ねえ、と呼び掛けても当然その言葉に彼が答える訳も無く、いつも通りの鋭い目で睨み付けられただけだったけれど。
それを気にもせずに彼の方を見ていても何かが変わる筈もない訳で、ただ片割れが何も変わらない無表情に戻っただけだった。

「フリッピー、」

ふと名前を呼べば向けられる殺気。これは二人で共有している名前のつもりだけど、どうやらこの片割れはあの名前が嫌いらしい(じゃあ、なんと呼べばあいつは満足してくれるんだろう)。

「……その名前で呼ぶな、」

時間差で聞こえた自分より僅かに低い声。これも自分達の数少ない決定的に違う所のひとつの筈なのに、どうやら良く間違えられる。ちゃんと見分けて欲しいと(少なくとも僕は)思っているのに。

「……覚醒、」

そう小さく呟けばぴくり、と動いた眉。

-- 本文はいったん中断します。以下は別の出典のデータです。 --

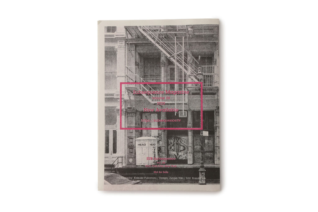 “SUB Subsequence” is a photo ZINE that has been included as an addition for each issue since we published the inaugural issue of the magazine. It is printed using a RISOGRAPH (A digital printer that operates on stencil printing technology created by RISO KAGAKU CORPORATION in 1980) consisting of photos taken for articles published in the magazine that do not get used in the printed version. This iteration showcases photos taken during the interviews that took place on site for the story titled, “Preserving Homes in New York: The Fluxus Dream of an Artists’ Co-op”, featured in vol. 8 of the magazine. Also included as part of the ZINE is a special A3 size tri-fold insert that becomes a mini poster. “SUB Subsequence” will be distributed to those who purchase a copy of Subsequence vol. 8 from the official webstore. Available while supplies last.

返事は無い。
どうせ何をしてもこの妙に頑固な片割れが「いつもと違う」理由を話すことは無いだろうし、僕も聞き出す気はない。話さないならせめて返事くらい聞かせて貰っても良いものだけれど。
そんなことをぼんやりと考えていると、いつの間にか目の前に自分と良く似た顔が居る事に気付く。いつの間に居たんだなんてそんなことを聞く気は、勿論僕には無い。

「……ねえ、」
「何だよ」

短く返された返事に僅かに微笑む。どうやら僕が柄にもなく苛立っていたのは、彼の声が聞きたかったからなのかもしれない。
そんなの、まるで子供みたいじゃないか、と自嘲も含んだ笑みを軽く心の中で浮かべてから、そのまま小さく呟く。

「……好きだよ、」

たった一人の肉親であるお前が、唯一無二の存在である君が。
本当に大嫌いで、大好きだと。
返事は期待していないし、そもそも返事が来るとも思ってはいないけれど、これだけは言わせて欲しかったんだ。
最初に思っていた事とは随分違う結論に辿り着いたな、何て下らない事を考えてながら、自分と同じ色の髪に軽くキスをした。